Let H = { (1), (12)(34) } in A_4.......(Abstract Algebra)?

Question

Part I)
How do you show that H is not normal in A_4?

Part II)
Referring to the Multiplication table for A_4 as a set of even permutations (http://www.math.niu.edu/~beachy/aaol/grouptables2.html)
how do you show that, althought, X_6H = X_7H and X_9H = X_11H, it is not true that X_6X_9H = X_7X_11H. Why does this prove that the left cosets of H do not form a group under coset multiplication??

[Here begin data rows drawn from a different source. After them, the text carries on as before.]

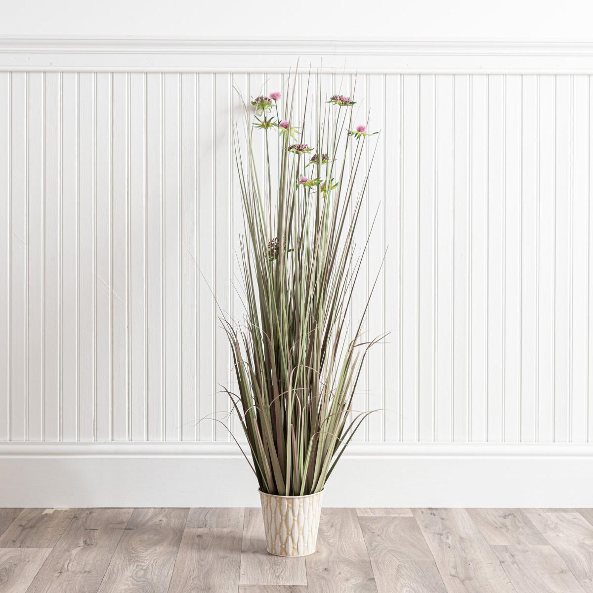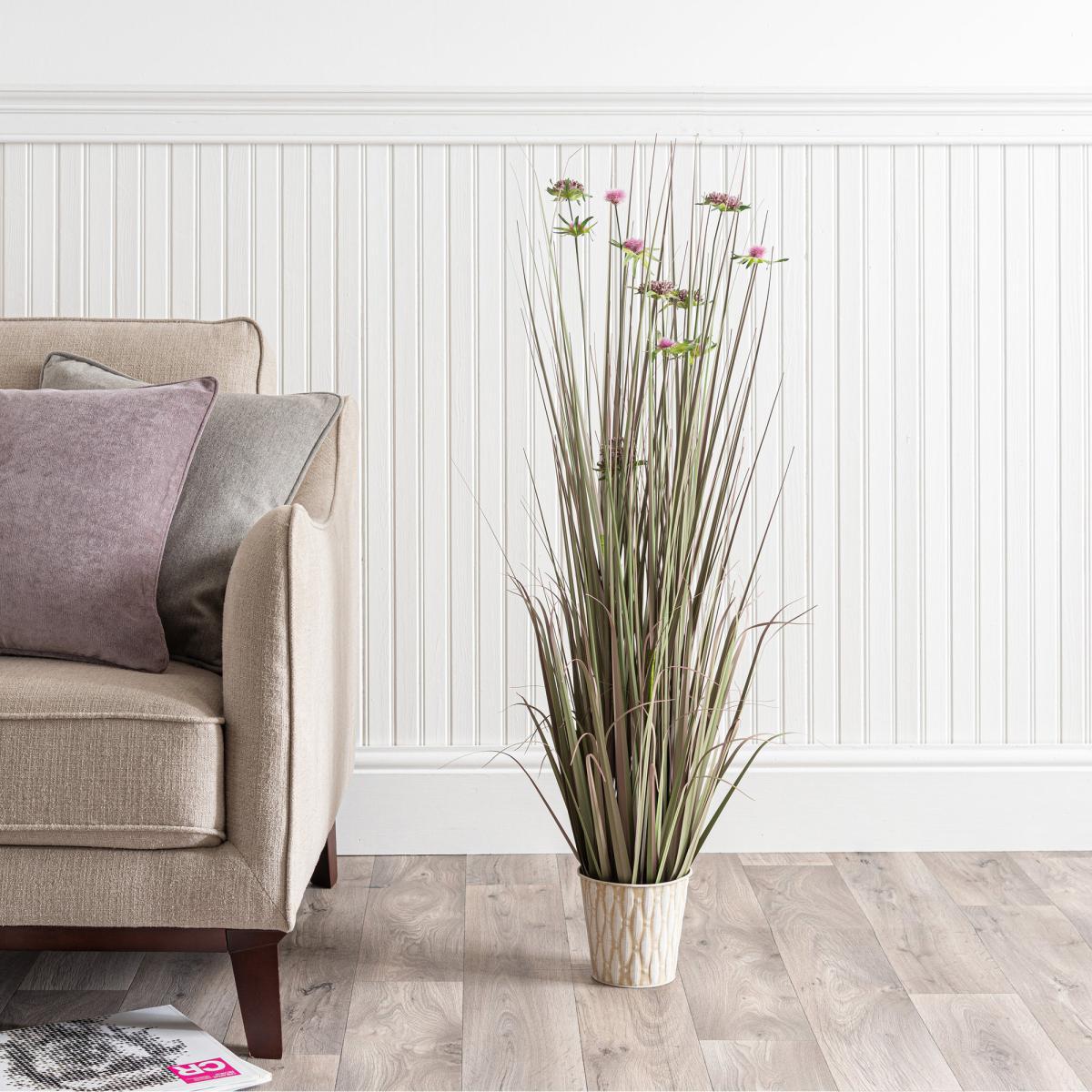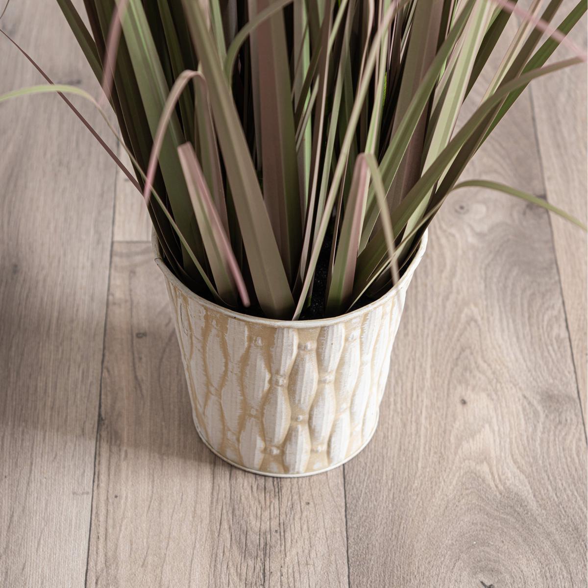 Ideal for display in any room of the house, this beautiful tall flowering grass is set in a painted metal pot, featuring soft purple flowers and a complementing pink shade to the grass. The painted metal pot has a white wash and features a textured pattern, giving a stylish look to the piece.
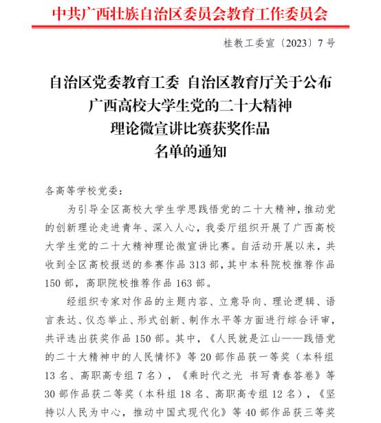 近日,自治区党委教育工委、自治区教育厅公布了广西高校大学生党的二十大精神理论微宣讲比赛的获奖名单。我校荣获优秀组织奖,我校报送的作品荣获二等奖1项、优秀奖2项。
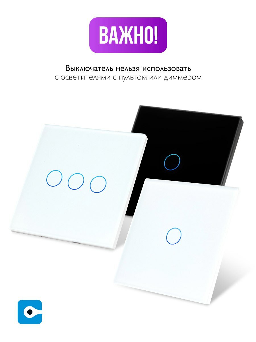 Отзывы на Сенсорный стеклянный выключатель Easy Tech на 3 группы света, черный, 300W на 1 группу света/ переключатель света
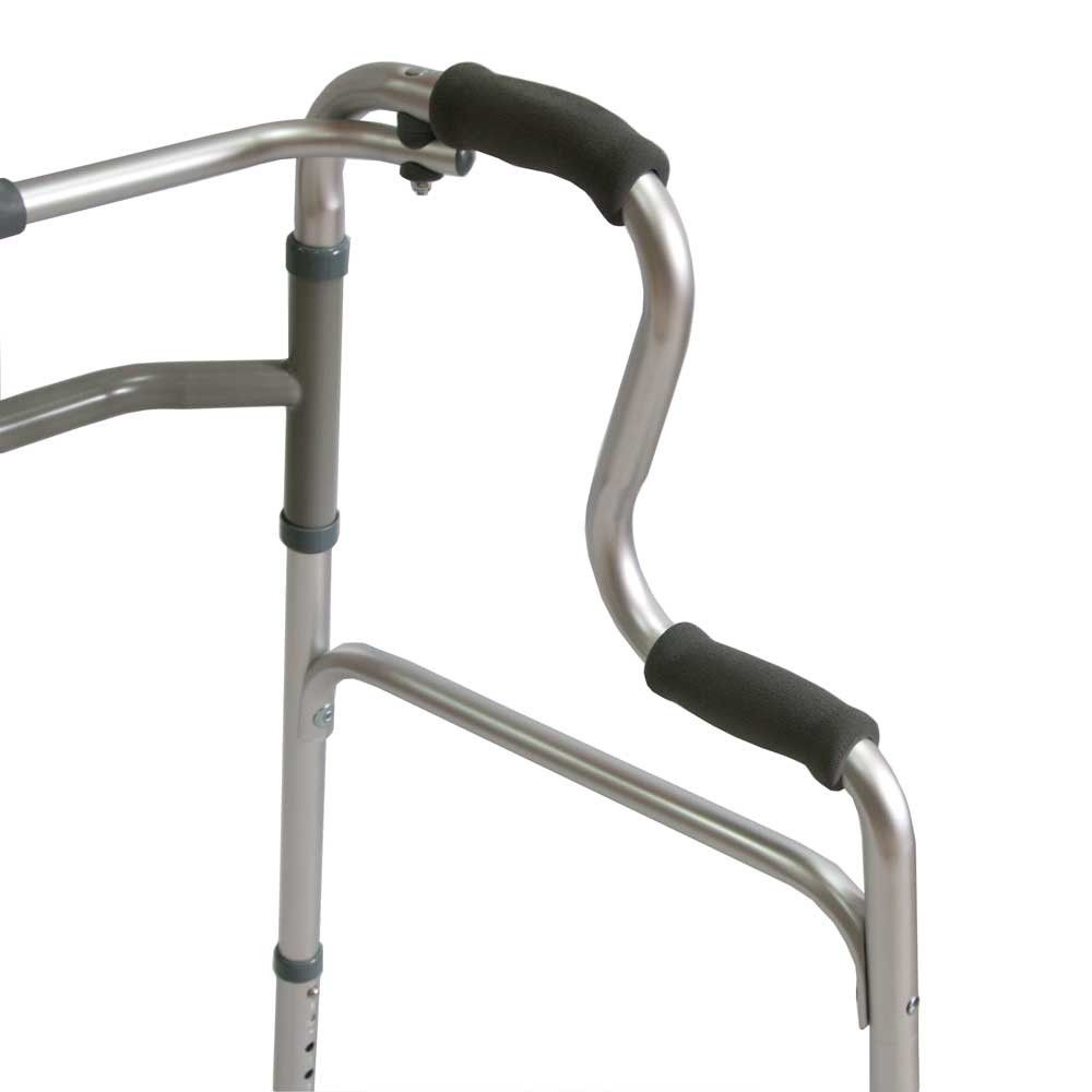 Опорные поручни ходунков выполнены из анодированного алюминия и не подвергаются коррозии, соединяющая рама — из стали с полимерным покрытием. Ходунки легко складываются и не занимают много места, имеют 8 положений регулировки высоты с шагом в 2.5 см. Мягкие накладки на поручнях ходунков не дают рукам скользить; резиновые наконечники, расположенные на опорах, предохраняют от скольжения по твердым поверхностям.
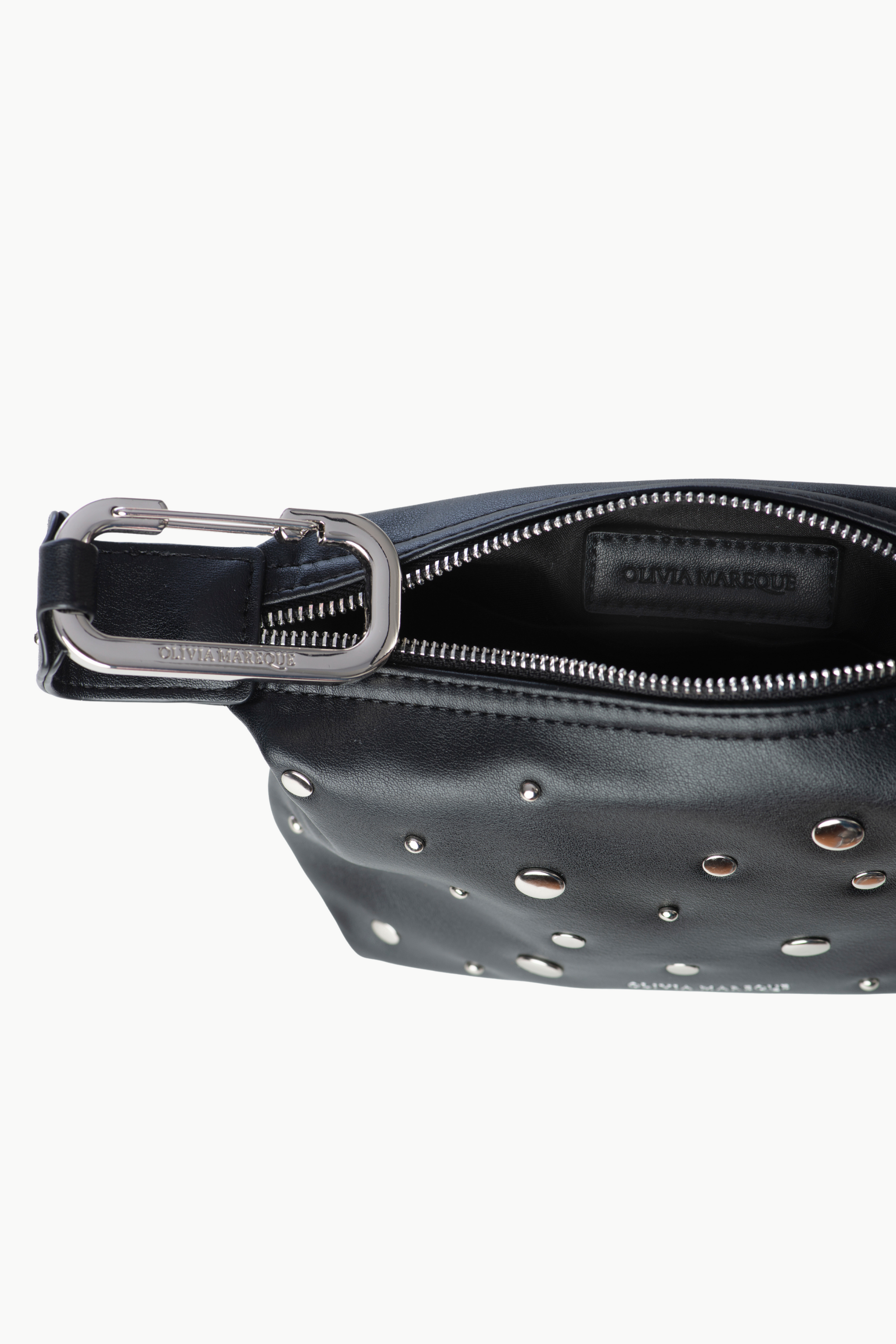 Un bolso pequeño y versátil que se adapta a cada ocasión: llévalo cruzado como bandolera o de mano para un look más elegante. Su diseño en piel vegana negra con cierre de mosquetón metálico logotipado lo convierte en un accesorio sofisticado y con personalidad.

(For easier typing, for this problem I am letting alpha = X and the even permutations in the chart are labeled as follows:
(1) = X_1
(12)(34)= X_2
(13)(24)= X_3
(14)(23)= X_4
(123)= X_5
(243)= X_6
(142)= X_7
(134)= X_8
(132)= X_9
(143)= X_10
(234)= X_11
(124)= X_12

Answer 1

I) In order for H to be normal then for any h in H and k in A_4 then h^(-1)kh is in H.
Pick h = (12)(34), k = (123), then k^(-1) = (321) and
h^(-1)kh = (13)(24) which is not in H so H is not normal
II) x6H= {(243)(1), (243)(12)(34)} = {(243), (142)} =
x7H = {(142)(1), (142)(12)(34)}.
I hope you get the idea how these multiplications go and are able to show x9H = x11H and X_6X_9H is not equal to X_7X_11H.
If the left cosets of H formed a group and since x6H =x7H and x9H = x11H then it would follow:
x6Hx9H =x6x9H = x7x11H =x7Hx11H, which is not true.
Basically it's saying the operation is not well defined because mult equals by equals doesn't give us equals.